Une telle attitude est regrettable car la Turquie, par son histoire, son emplacement stratégique et ses richesses pourrait jouer un rôle à l’exacte mesure de ses légitimes ambitions. Disons le honnêtement : elle ne fera pas partie de l’Union Européenne avant longtemps, si tant est que l’adhésion puisse un jour se produire. Et puis, sa politique étrangère actuelle (qui déplaît à l’armée) fait peser sur elle bien des soupçons. Reconnaissons aussi, pour être équitable, que ce pays a fourni de gros efforts, même si on est encore assez loin d’une vie démocratique normale. Et je ne parle même pas des problèmes kurde et arménien..
Mais revenons à la crise actuelle syro-turque : le ministre turc a été fraîchement accueilli à Damas. Or la Turquie a fait d’énormes investissements en Syrie et les sociétés turques sont très présentes en Syrie, comme, d’ailleurs, en Irak. C’est cet intérêt économico-commercial qui a aidé M. Erdogan à jouer ses nouveaux amis syro-iraniens contre l’alliance avec Israël. Or, aujourd’hui, cette nouvelle politique butte de manière scandaleuse contre ses limites et le Premier Ministre amorce, à sa manière, un retour vers la case départ. Il sait bien que le régime syrien ne saurait se déjuger ni partir en exil en abandonnant le pays à la révolte et au chaos. Mais il se rend compte que tout au long de sa frontière (plus de 800km) les chars syriens manœuvrent et répriment dans le sang des manifestations..
Et puis, il y a les exigences des USA, un pays sans lquel la Turquie ne pourrait pas fonctionner plus ou moins normalement. Si l’on a dépêché un émissaire turc à Damas, c’est parce que Washington l’a demandé fermement.

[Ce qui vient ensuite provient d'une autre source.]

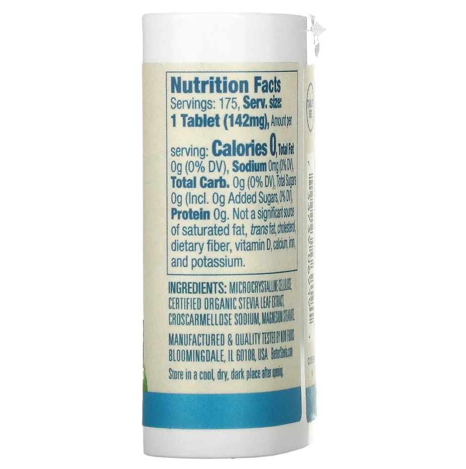 | Usage | For naturally sweetening your favorite drinks. Dissolve 1 tablet in 4-8 ounces of beverage, if desired. Sweeten to taste. Remember, a little BetterStevia® goes a long way. |

M. Erdogan n’avait pas prévu tous ces bouleversements. Mais gouverner, c’est prévoir.
ll fallait réfléchir un petit peu avant de s’en prendre publiquement à Israël à Davos, il fallait réfléchir avant de lancer cette flottille vers Gaza. Bref, pour finir ce billet sur une note à la fois respectueuse et optimiste, citons un passage du prologue du Faust de Goethe : Wer strebend sich bemüht, den werden wir erlösen.